*Listed records*
******************************

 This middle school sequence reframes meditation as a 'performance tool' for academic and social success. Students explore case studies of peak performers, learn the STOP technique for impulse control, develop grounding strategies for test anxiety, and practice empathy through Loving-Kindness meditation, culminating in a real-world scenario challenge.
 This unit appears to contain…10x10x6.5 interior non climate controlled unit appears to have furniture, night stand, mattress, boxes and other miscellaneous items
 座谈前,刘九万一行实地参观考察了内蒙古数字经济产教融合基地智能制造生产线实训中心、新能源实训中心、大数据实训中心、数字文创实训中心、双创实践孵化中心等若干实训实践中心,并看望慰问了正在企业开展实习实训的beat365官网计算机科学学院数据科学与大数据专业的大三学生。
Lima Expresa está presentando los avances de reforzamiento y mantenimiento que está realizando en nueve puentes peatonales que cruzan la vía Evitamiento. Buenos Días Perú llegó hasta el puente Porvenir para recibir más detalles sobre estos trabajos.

******************************

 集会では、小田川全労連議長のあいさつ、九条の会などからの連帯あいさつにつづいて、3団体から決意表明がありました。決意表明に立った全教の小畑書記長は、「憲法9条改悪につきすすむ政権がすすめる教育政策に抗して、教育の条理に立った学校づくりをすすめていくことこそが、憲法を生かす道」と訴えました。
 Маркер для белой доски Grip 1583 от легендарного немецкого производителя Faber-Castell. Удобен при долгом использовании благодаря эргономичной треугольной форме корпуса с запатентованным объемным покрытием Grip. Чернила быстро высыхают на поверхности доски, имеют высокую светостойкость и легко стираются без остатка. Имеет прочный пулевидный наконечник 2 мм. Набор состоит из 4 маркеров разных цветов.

******************************

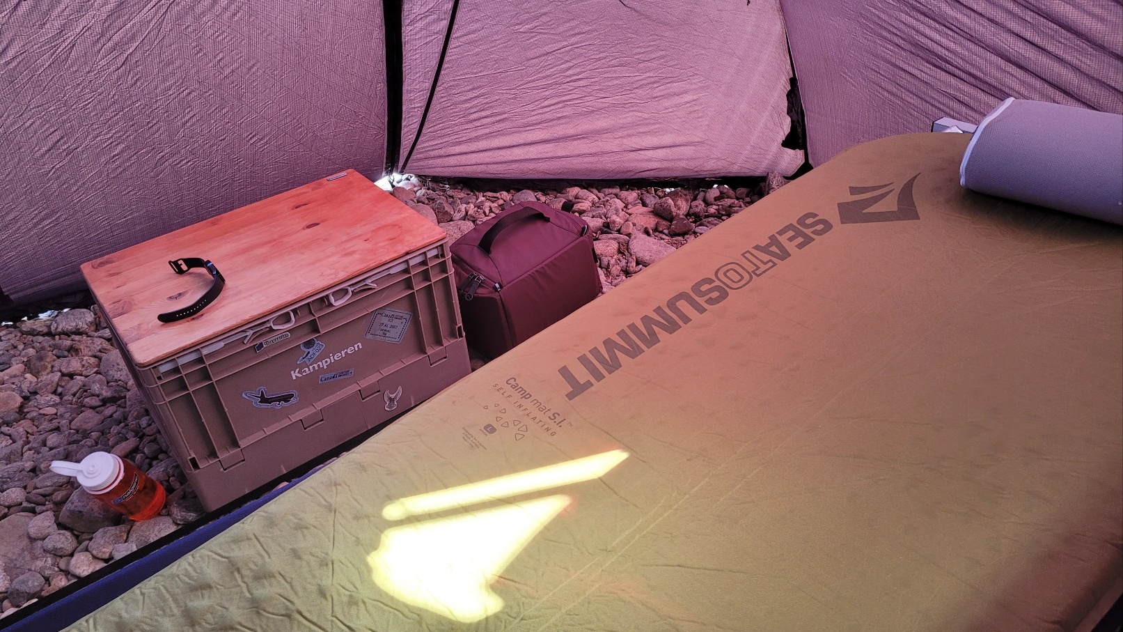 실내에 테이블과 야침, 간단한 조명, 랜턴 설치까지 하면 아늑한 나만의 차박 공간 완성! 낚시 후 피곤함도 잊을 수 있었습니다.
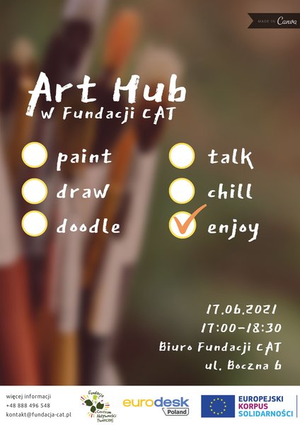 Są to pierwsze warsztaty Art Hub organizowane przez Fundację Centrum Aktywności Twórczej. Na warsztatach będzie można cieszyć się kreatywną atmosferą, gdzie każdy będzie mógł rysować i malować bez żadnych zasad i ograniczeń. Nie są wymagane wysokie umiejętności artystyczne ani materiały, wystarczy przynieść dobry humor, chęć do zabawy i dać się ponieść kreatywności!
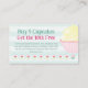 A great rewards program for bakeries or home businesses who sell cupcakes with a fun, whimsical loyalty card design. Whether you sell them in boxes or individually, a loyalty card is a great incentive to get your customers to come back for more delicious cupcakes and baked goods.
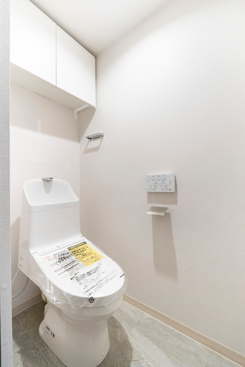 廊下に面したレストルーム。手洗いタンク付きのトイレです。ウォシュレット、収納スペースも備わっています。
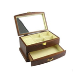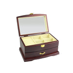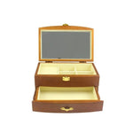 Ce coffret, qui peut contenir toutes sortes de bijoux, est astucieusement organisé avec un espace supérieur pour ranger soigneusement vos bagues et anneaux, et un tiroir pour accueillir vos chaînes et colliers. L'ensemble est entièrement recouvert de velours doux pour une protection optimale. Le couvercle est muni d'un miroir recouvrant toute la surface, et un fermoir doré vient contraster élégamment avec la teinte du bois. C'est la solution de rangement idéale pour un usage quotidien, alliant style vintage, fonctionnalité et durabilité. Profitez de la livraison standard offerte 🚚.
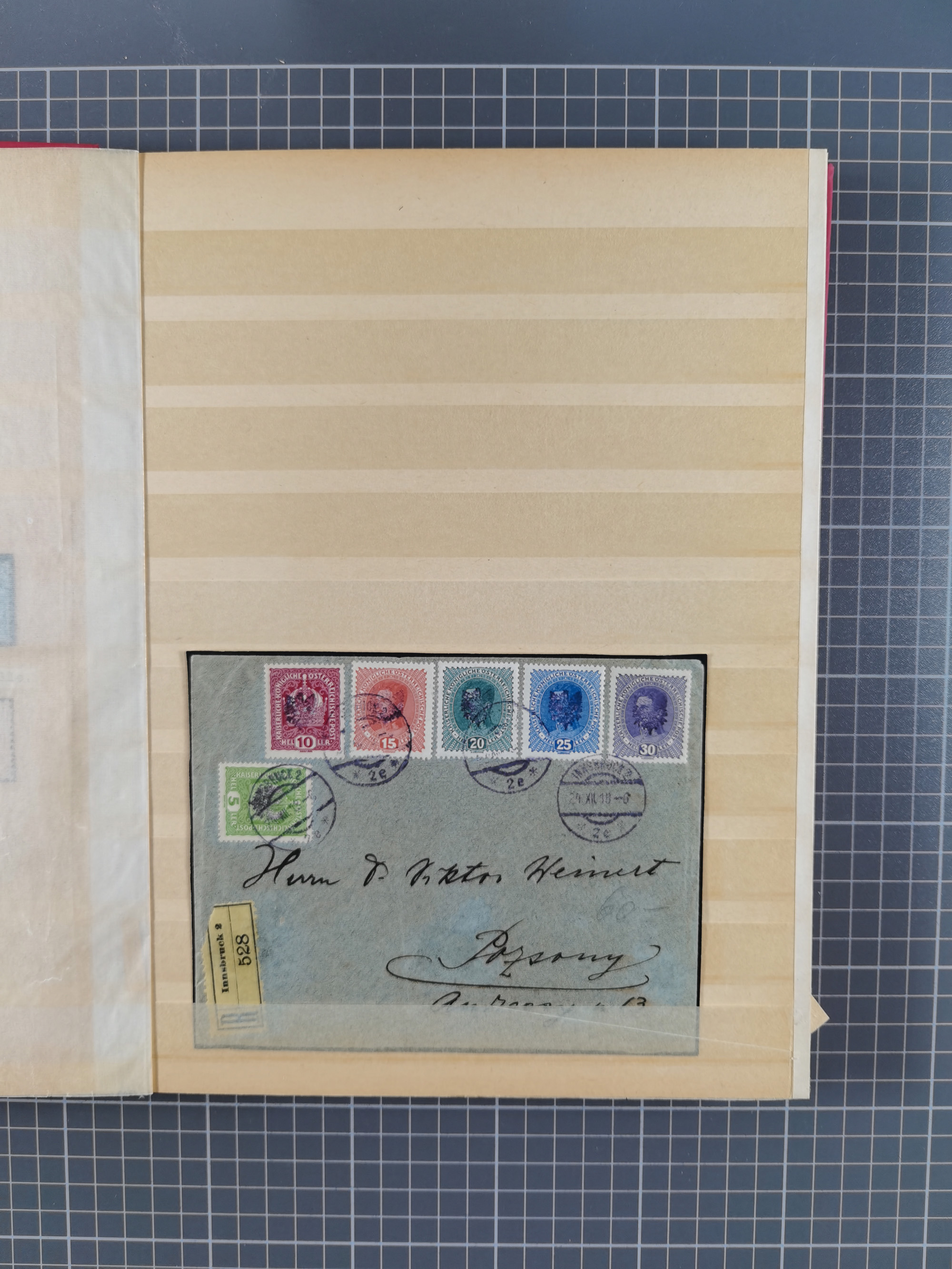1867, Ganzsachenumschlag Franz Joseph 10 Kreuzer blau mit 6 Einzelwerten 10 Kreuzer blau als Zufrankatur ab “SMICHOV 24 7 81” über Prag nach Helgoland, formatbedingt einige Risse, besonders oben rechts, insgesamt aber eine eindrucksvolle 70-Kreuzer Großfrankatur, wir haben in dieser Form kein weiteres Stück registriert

******************************

Going back over the entries above, copy word for word every line from the one that has "座谈前,刘九万一行实地参观考" on through the one that has "Lima Expresa está".

 座谈前,刘九万一行实地参观考察了内蒙古数字经济产教融合基地智能制造生产线实训中心、新能源实训中心、大数据实训中心、数字文创实训中心、双创实践孵化中心等若干实训实践中心,并看望慰问了正在企业开展实习实训的beat365官网计算机科学学院数据科学与大数据专业的大三学生。
Lima Expresa está presentando los avances de reforzamiento y mantenimiento que está realizando en nueve puentes peatonales que cruzan la vía Evitamiento. Buenos Días Perú llegó hasta el puente Porvenir para recibir más detalles sobre estos trabajos.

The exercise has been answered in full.